> [What is required]: Every line of the material below should be output exactly as written, with the images skipped.

> [Supplied information]:

● ● ●

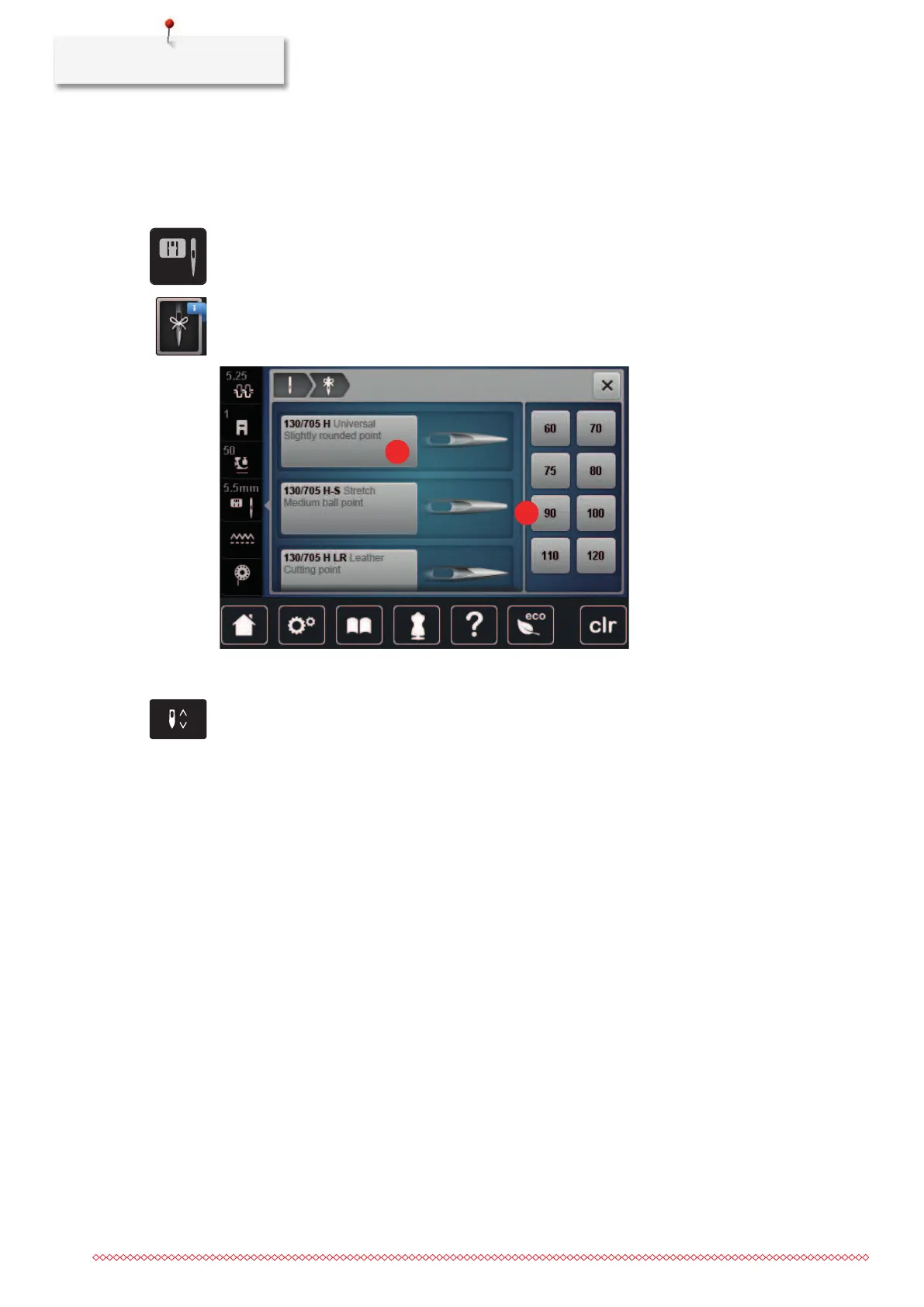 Selecting the needle type and the needle size
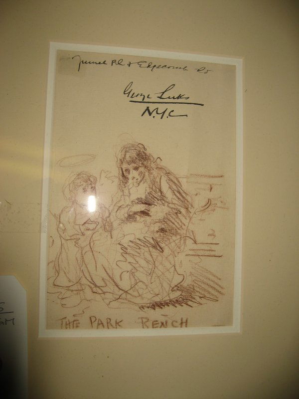 CRAYON ON PAPER - "PARK BENCH", SIGNED: GEORGE LUK
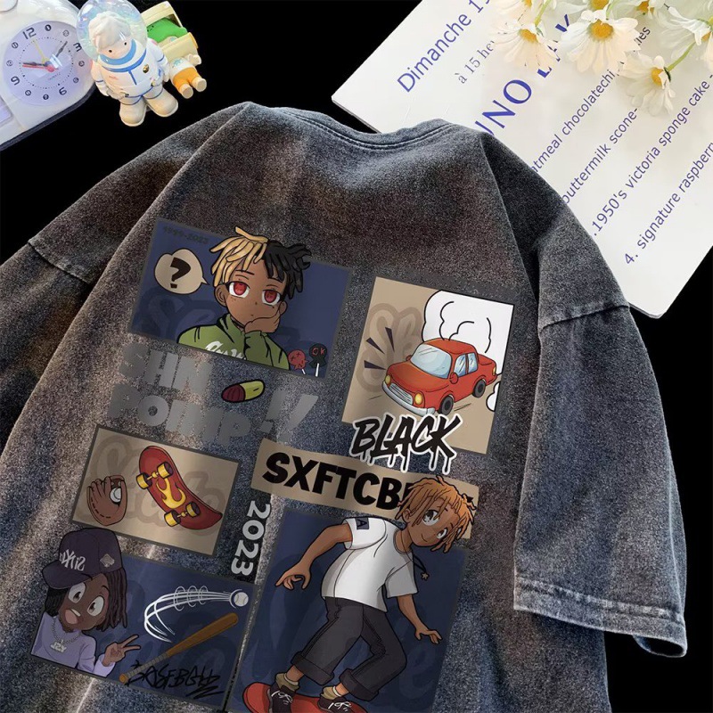 씻은 고민 면 티셔츠 짧은 소매 남성 여름 유행 패션 브랜드 미국 하이 스트리트 복고풍 느슨한 반 소매 티셔츠
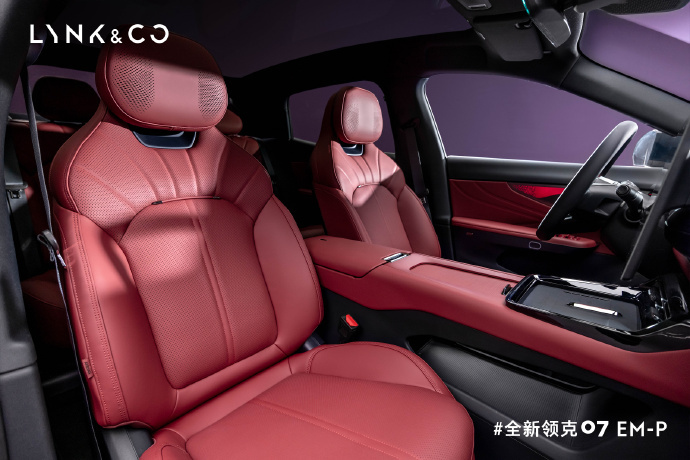 本次发布的领克07 EM-P,在颜色搭配上大胆创新,推出了璃光紫与极光银两款全新车身颜色,为消费者提供了更多个性化选择。同时,内饰方面也引入了暗影红与日光米两种全新配色,营造出更加温馨舒适的驾乘空间。

● ● ●

> [Task response]:
 Selecting the needle type and the needle size
 CRAYON ON PAPER - "PARK BENCH", SIGNED: GEORGE LUK
 씻은 고민 면 티셔츠 짧은 소매 남성 여름 유행 패션 브랜드 미국 하이 스트리트 복고풍 느슨한 반 소매 티셔츠
 本次发布的领克07 EM-P,在颜色搭配上大胆创新,推出了璃光紫与极光银两款全新车身颜色,为消费者提供了更多个性化选择。同时,内饰方面也引入了暗影红与日光米两种全新配色,营造出更加温馨舒适的驾乘空间。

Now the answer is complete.